For most clubs, this event will need two transactions to account for it in myICLUB.com. The first is a spinoff and the second is a reverse stock split. The remaining basis percentage in the spinoff needs to be calculated by each user as it will vary depending on specific circumstances. Also, the split ration for the reverse stock split will need to be calculated by individual users according to their specific situation. These instructions will include how to make these calculations.

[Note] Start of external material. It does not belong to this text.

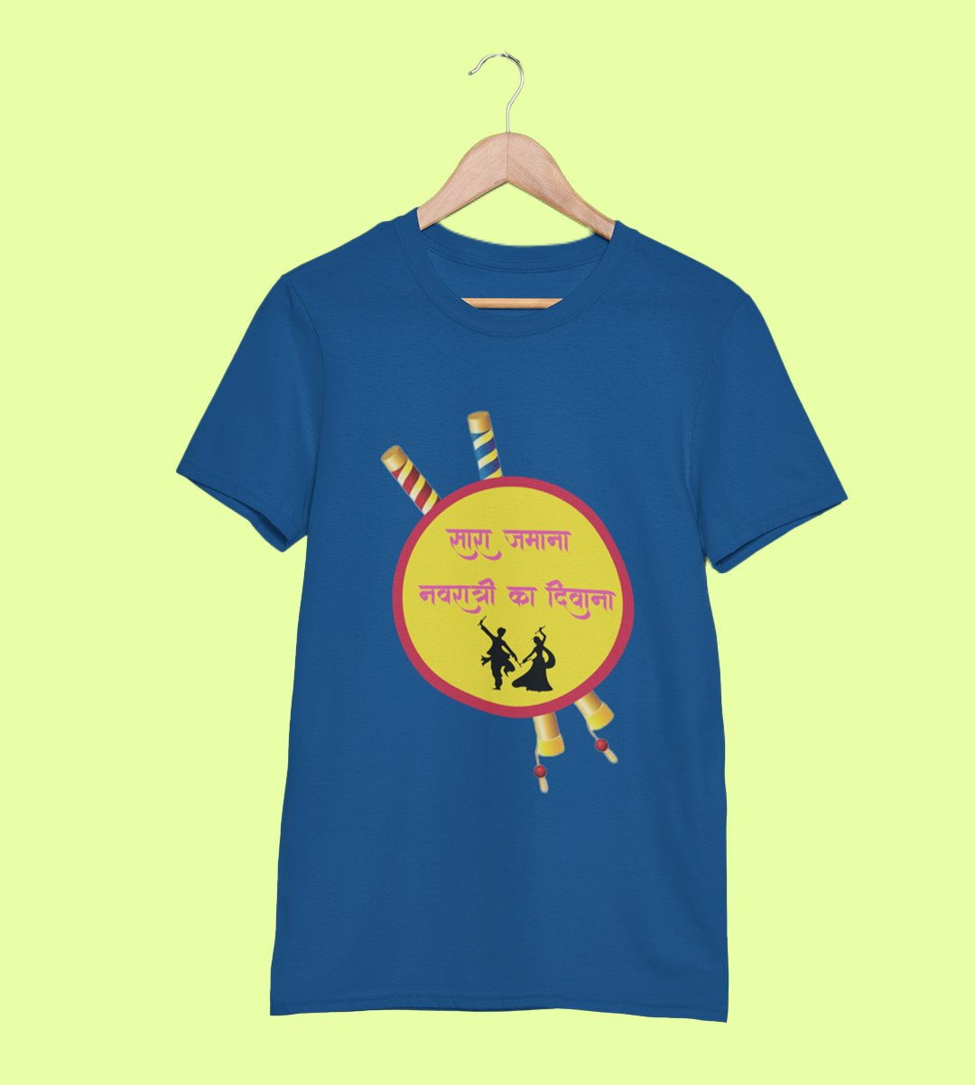 Sara Zamana printed unisex adults round neck cotton half-sleeve blue tshirt specially for Navratri festival/ Durga puja

*A few clubs that owned less than 100 shares of Cummins and had ALL of their Cummins stock accepted for the exchange can treat this as a merger with Atmus as the surviving company. Instructions for this situation are at the end of this article.*
NOTE: The companies state they will endeavor to satisfy the conditions necessary to make this transaction non-taxable. However, there is the possibility the IRS will disagree that the companies met the requirements. These instructions assume the companies succeed in their efforts. New instructions will be written, if and when it becomes known the merger should be treated as a taxable event.
The Spinoff Entry
Go to Accounting > Securities > Record spinoff of securities in myICLUB.com. If you are unfamiliar with spinoff transactions you can get help at this URL: https://www.myiclub.com/faq/article.aspx?id=54
Here is the information you need to complete the spinoff.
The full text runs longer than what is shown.